Обсуждение: Differential Code Coverage report for Postgres

Поиск
Список
Период
Сортировка

Differential Code Coverage report for Postgres

От
Nazir Bilal Yavuz
Дата:
Hi,

I have been working on generating differential code coverage for
Postgres and was able to do so with this script [1]. The script checks
out HEAD and the latest release branch (currently REL_18_STABLE), then
generates a differential coverage report.

I also set up a GitHub Action so the report is updated daily and
published as HTML here [2].

I thought this might be useful to share, and I would be happy to hear
any feedback or suggestions.

CC’ing Álvaro since he had asked about this previously.

[1] https://github.com/nbyavuz/postgres-code-coverage/blob/main/code_coverage.sh
[2] https://nbyavuz.github.io/postgres-code-coverage

--
Regards,
Nazir Bilal Yavuz
Microsoft



回复: Differential Code Coverage report for Postgres

От
Oreo Yang
Дата:
It looks very cool.
So our goal over 90%?

Thanks,
OreoYang

发件人: Nazir Bilal Yavuz <byavuz81@gmail.com>
已发送: 2025 年 9 月 5 日 星期五 15:09
收件人: PostgreSQL Hackers <pgsql-hackers@lists.postgresql.org>
抄送: Andres Freund <andres@anarazel.de>; Álvaro Herrera <alvherre@kurilemu.de>
主题: Differential Code Coverage report for Postgres

Hi,

I have been working on generating differential code coverage for
Postgres and was able to do so with this script [1]. The script checks
out HEAD and the latest release branch (currently REL_18_STABLE), then
generates a differential coverage report.

I also set up a GitHub Action so the report is updated daily and
published as HTML here [2].

I thought this might be useful to share, and I would be happy to hear
any feedback or suggestions.

CC’ing Álvaro since he had asked about this previously.

[1] https://github.com/nbyavuz/postgres-code-coverage/blob/main/code_coverage.sh
[2] https://nbyavuz.github.io/postgres-code-coverage

--
Regards,
Nazir Bilal Yavuz
Microsoft


Re: Differential Code Coverage report for Postgres

От
Nazir Bilal Yavuz
Дата:
Hi,

On Fri, 5 Sept 2025 at 13:39, Oreo Yang <oreo.yang@hotmail.com> wrote:
>
> It looks very cool.

Thanks!

> So our goal over 90%?

I am not sure of that but of course the higher the better.

-- 
Regards,
Nazir Bilal Yavuz
Microsoft



Re: Differential Code Coverage report for Postgres

От
Jacob Champion
Дата:
On Fri, Sep 5, 2025 at 12:09 AM Nazir Bilal Yavuz <byavuz81@gmail.com> wrote:
> I have been working on generating differential code coverage for
> Postgres and was able to do so with this script [1]. The script checks
> out HEAD and the latest release branch (currently REL_18_STABLE), then
> generates a differential coverage report.

This is fantastic timing!
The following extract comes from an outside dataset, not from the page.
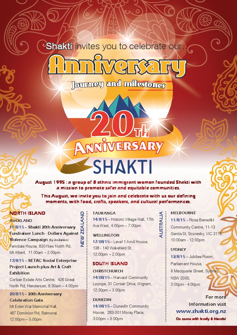 Therefore the time has come for us to celebrate a major milestone – our total of 20 years of having serviced vulnerable migrant and refugee ethnic communities in New Zealand and Australia. It is also time to celebrate the freedom and empowerment women and children have gained through Shakti’s support; to celebrate the social impact that we have made as an ethnic organisation as well as inter-generational social change. We look forward to seeing you there!

Differential coverage will be incredibly
useful to have for some upcoming test patches I am writing. :) I will
take a look.

I think LCOV's display table is a bit confusing, especially in how
they've chosen to include unchanged code in their percentage count for
the differential, but I suppose I'll get used to it.

On Fri, Sep 5, 2025 at 3:39 AM Oreo Yang <oreo.yang@hotmail.com> wrote:
> It looks very cool.
> So our goal over 90%?

I think our goal should be to pin behavior that needs to be pinned,
and use coverage as a helpful indicator as to what is missing.

(There are many ways to write low-quality tests that cover a lot of
code. I don't think we should be chasing numbers; we should be saying
"oh, 25% in this section is really bad" and then remedying that. If
you do that over and over again, you get really high coverage numbers
organically as a result of your higher-quality tests.)

Thanks,
--Jacob



Re: Differential Code Coverage report for Postgres

От
Andres Freund
Дата:
Hi,

On 2025-09-05 10:09:27 +0300, Nazir Bilal Yavuz wrote:
> I have been working on generating differential code coverage for
> Postgres and was able to do so with this script [1]. The script checks
> out HEAD and the latest release branch (currently REL_18_STABLE), then
> generates a differential coverage report.

I wonder if it'd be better to compare the merge base between master and
REL_18_STABLE, rather than REL_18_STABLE [1].


> I also set up a GitHub Action so the report is updated daily and
> published as HTML here [2].

Nice!

How hard would it be to compare not just REL_18_STABLE and master, but also
REL_17_STABLE and REL_18_STABLE?

Greetings,

Andres Freund

[1] git merge-base master REL_18_STABLE



Re: Differential Code Coverage report for Postgres

От
Nazir Bilal Yavuz
Дата:
Hi,

On Fri, 5 Sept 2025 at 18:14, Andres Freund <andres@anarazel.de> wrote:
>
> On 2025-09-05 10:09:27 +0300, Nazir Bilal Yavuz wrote:
> > I have been working on generating differential code coverage for
> > Postgres and was able to do so with this script [1]. The script checks
> > out HEAD and the latest release branch (currently REL_18_STABLE), then
> > generates a differential coverage report.
>
> I wonder if it'd be better to compare the merge base between master and
> REL_18_STABLE, rather than REL_18_STABLE [1].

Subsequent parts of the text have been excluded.